What do the reforms mean for lenders?

Assuming the Bill is passed into law, it will be prudent for lenders to start thinking now about how the Bill might affect their transactions. Early considerations may include:

  • SPV Borrowers. Where a special purpose vehicle (“SPV”) funding structure is being used, every director of the SPV, and any PSCs, will need to verify their identity before an application for formation can be made. This is because an application for formation of a company must confirm that the proposed directors, and any PSCs, have been verified. Any failure will result in the Registrar rejecting the application and the SPV not being formed.

    Lenders may wish to engage with borrowers at the outset of the transaction to ensure verification is in hand.

    We note that it is unclear at this stage how the identity of overseas directors (i.e. non-UK passport holders) will be verified. The verification process to be introduced for these individuals could be more complex and take longer, potentially causing delays to the lender’s timeline.
  • Condition precedents (“CPs”). In practical terms, before an individual can act as a director, they will need to (i) verify their identity with the Registrar, and then (ii) notify the Registrar of their appointment as a director within 14 days of such appointment, with this notice confirming that their identity has been verified.

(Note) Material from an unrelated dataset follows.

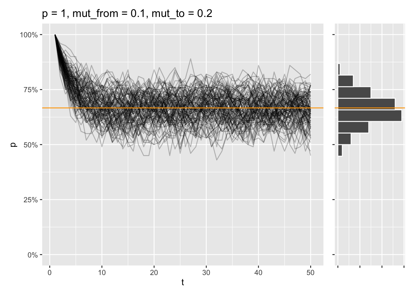 draw_sims(sim_function = wf_sim_mutation, p = 1, mut_from = .1, mut_to = .2) &

    The Bill clarifies that any action taken by an unverified director remains valid. It would, however, be prudent to consider including new identity verification CPs to drawdown, requiring evidence that the directors of each relevant obligor have been verified. Where directors are to be appointed, evidence should also be required that verification will be completed within the 14-day timeframe.
     
  • Continuing obligations. The Bill states that subsequent legislation will set out requirements for ‘reverification’ (i.e. situations when an individual will need to verify again), including possibly introducing grounds to suspend an individual’s verified status in certain circumstances. An individual who fails to appropriately verify, or ceases to be verified, commits a criminal offence. This is punishable by a fine of up to £5,000. The public register may also be annotated to show the individual’s status as ‘unverified’. For directors, failing to verify could result in the termination of their appointment, and a prohibition on them acting as a director of the company.

    Lenders may require specific covenants on the borrower company to procure that the officers of the company remain appropriately verified throughout the term of the transaction. This would avoid issues arising in respect of the ongoing management of the borrower, the transaction, and dealings with third parties e.g. in respect of disposals and/or refinances.